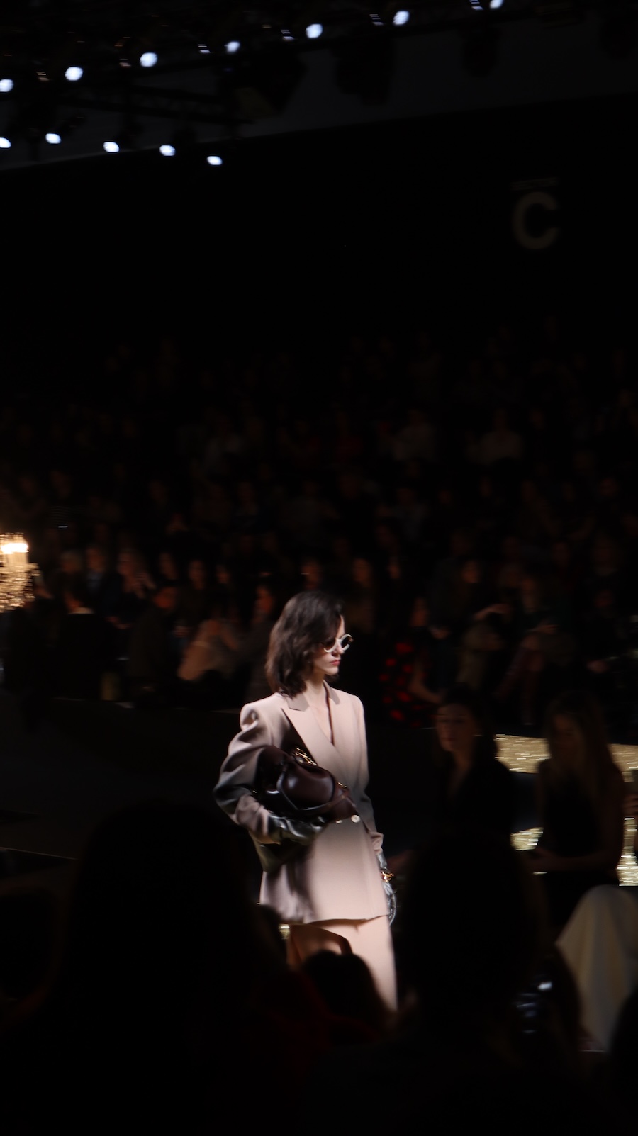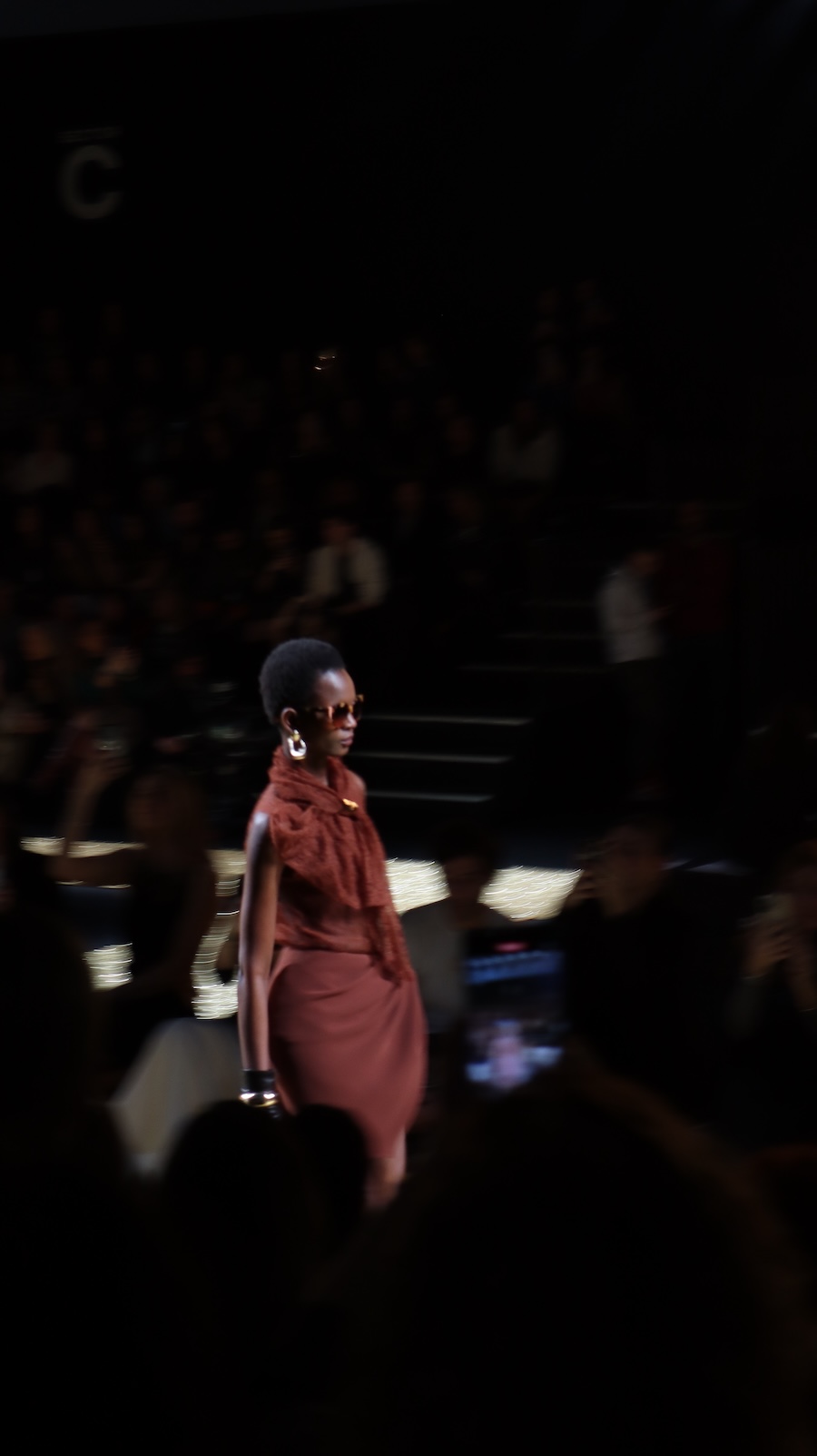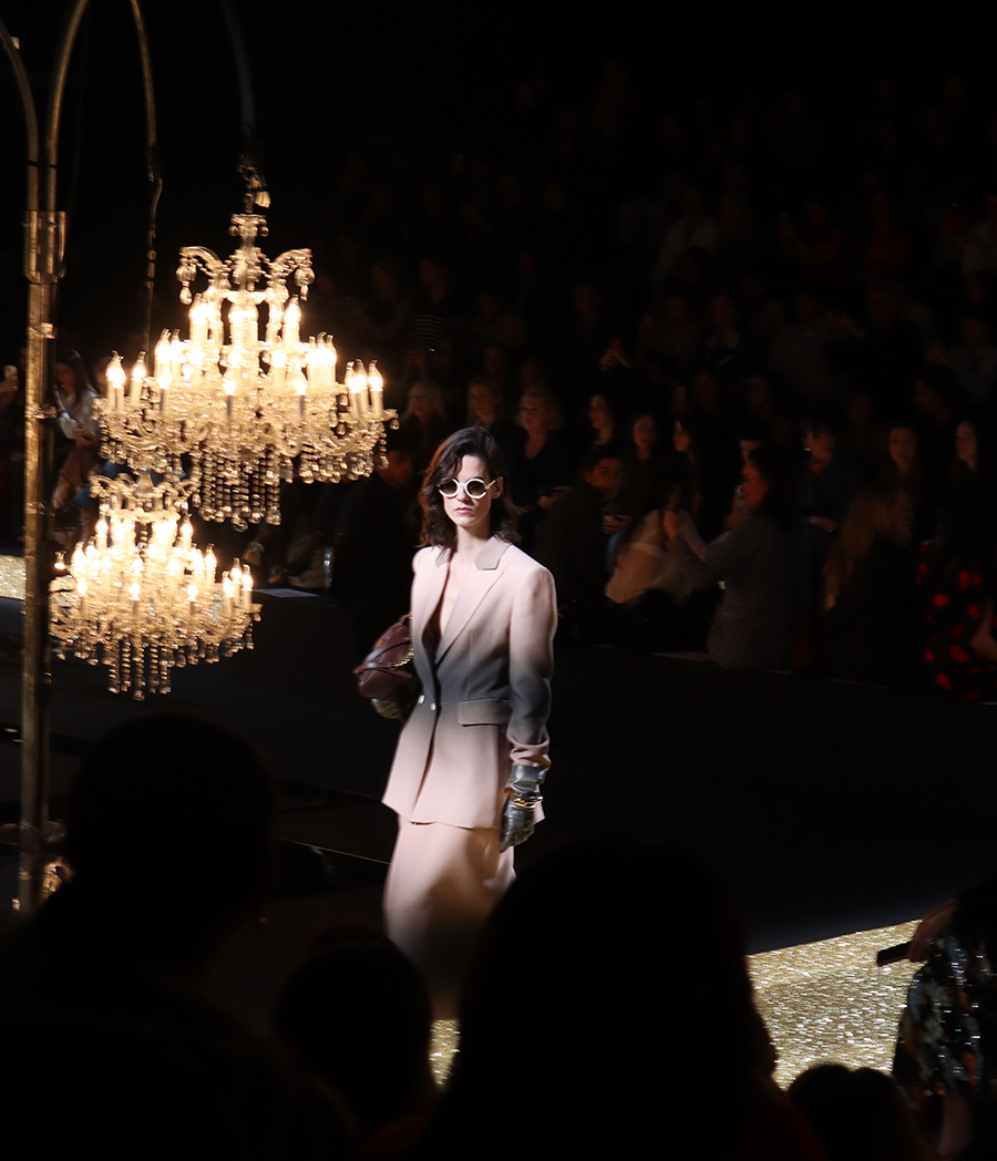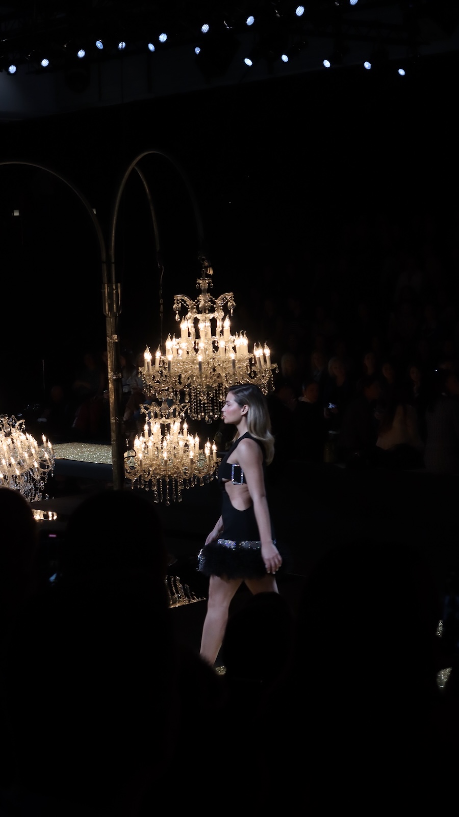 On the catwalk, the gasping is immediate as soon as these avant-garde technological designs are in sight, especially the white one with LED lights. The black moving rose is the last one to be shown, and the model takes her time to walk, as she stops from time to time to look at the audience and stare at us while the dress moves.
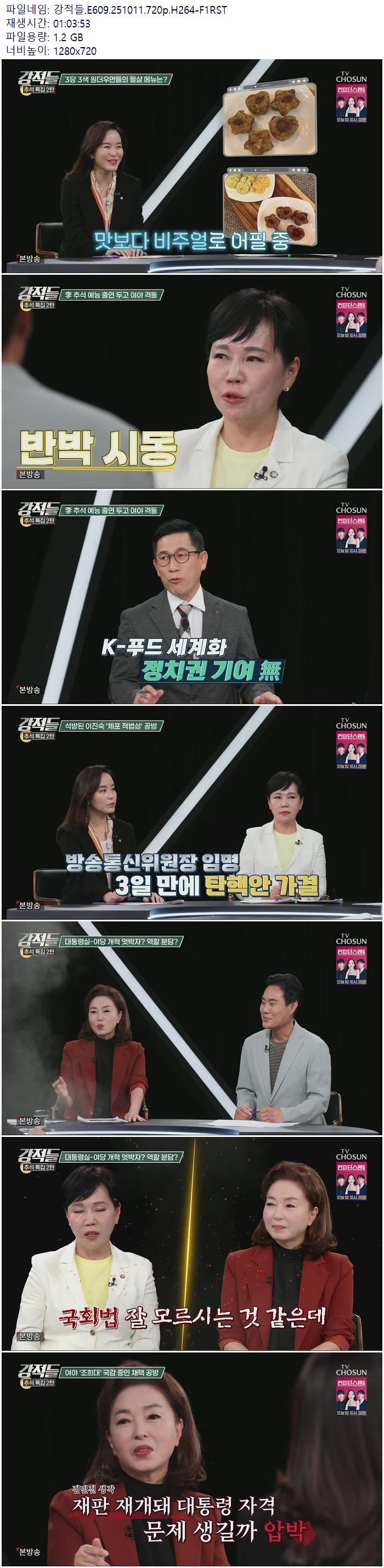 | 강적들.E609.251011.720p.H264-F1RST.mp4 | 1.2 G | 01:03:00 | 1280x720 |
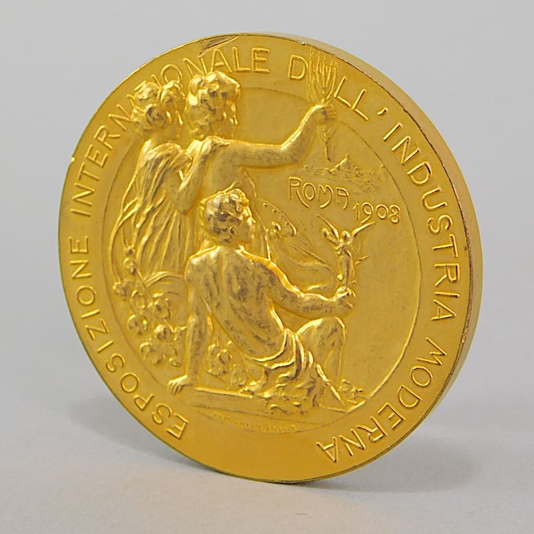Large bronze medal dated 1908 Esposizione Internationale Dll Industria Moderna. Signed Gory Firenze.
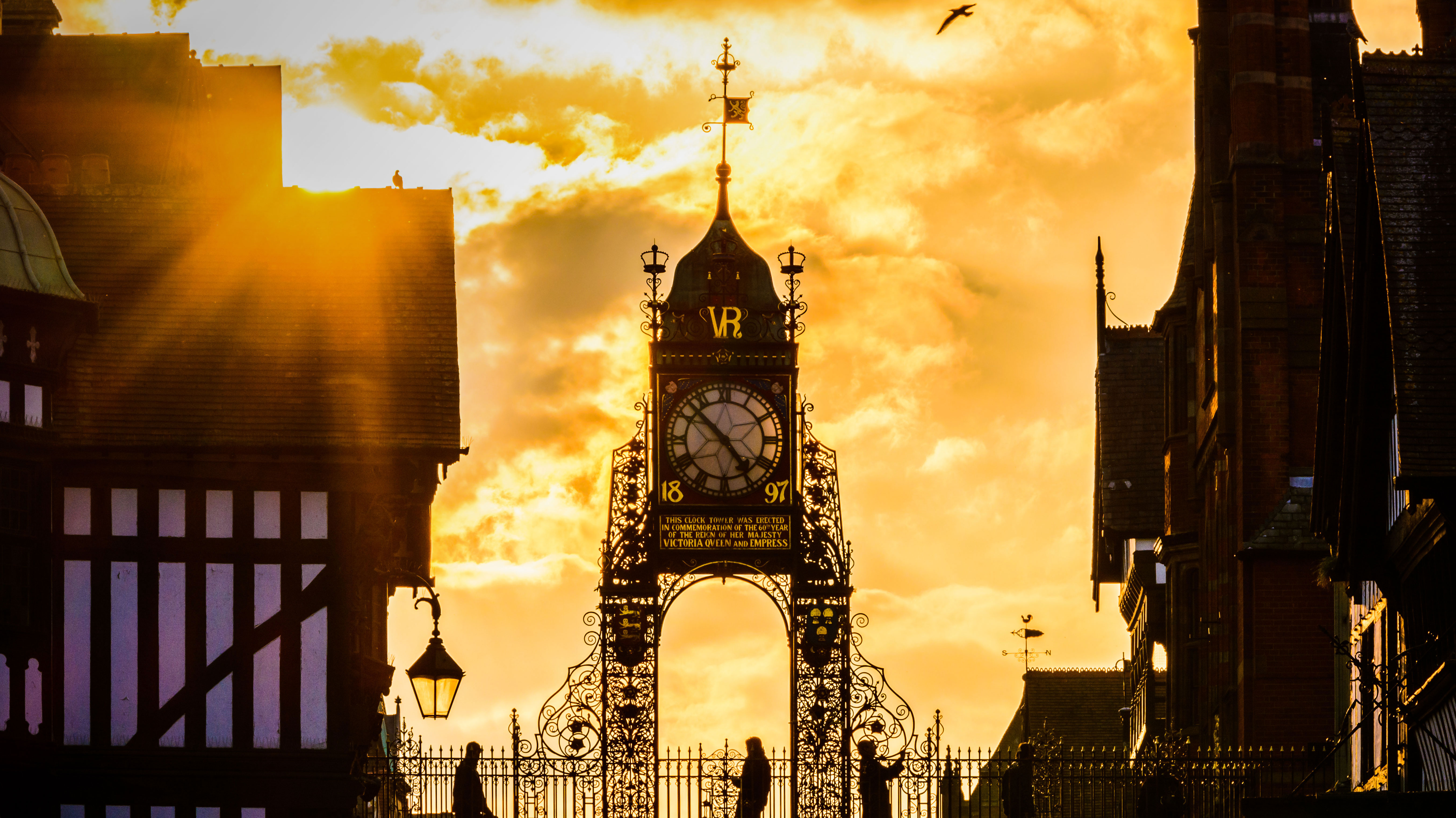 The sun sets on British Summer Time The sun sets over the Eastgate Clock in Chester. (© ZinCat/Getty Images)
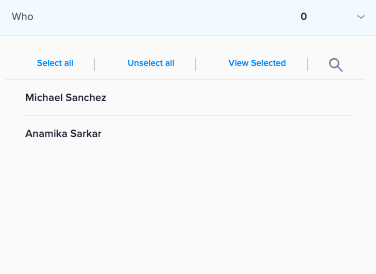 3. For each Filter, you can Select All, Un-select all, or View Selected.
● ● ●
What is required ->
Start at the first line of the records and write out everything up to and including the line containing "Large bronze medal". No pictures.

Response below ->
 On the catwalk, the gasping is immediate as soon as these avant-garde technological designs are in sight, especially the white one with LED lights. The black moving rose is the last one to be shown, and the model takes her time to walk, as she stops from time to time to look at the audience and stare at us while the dress moves.
 | 강적들.E609.251011.720p.H264-F1RST.mp4 | 1.2 G | 01:03:00 | 1280x720 |
Large bronze medal dated 1908 Esposizione Internationale Dll Industria Moderna. Signed Gory Firenze.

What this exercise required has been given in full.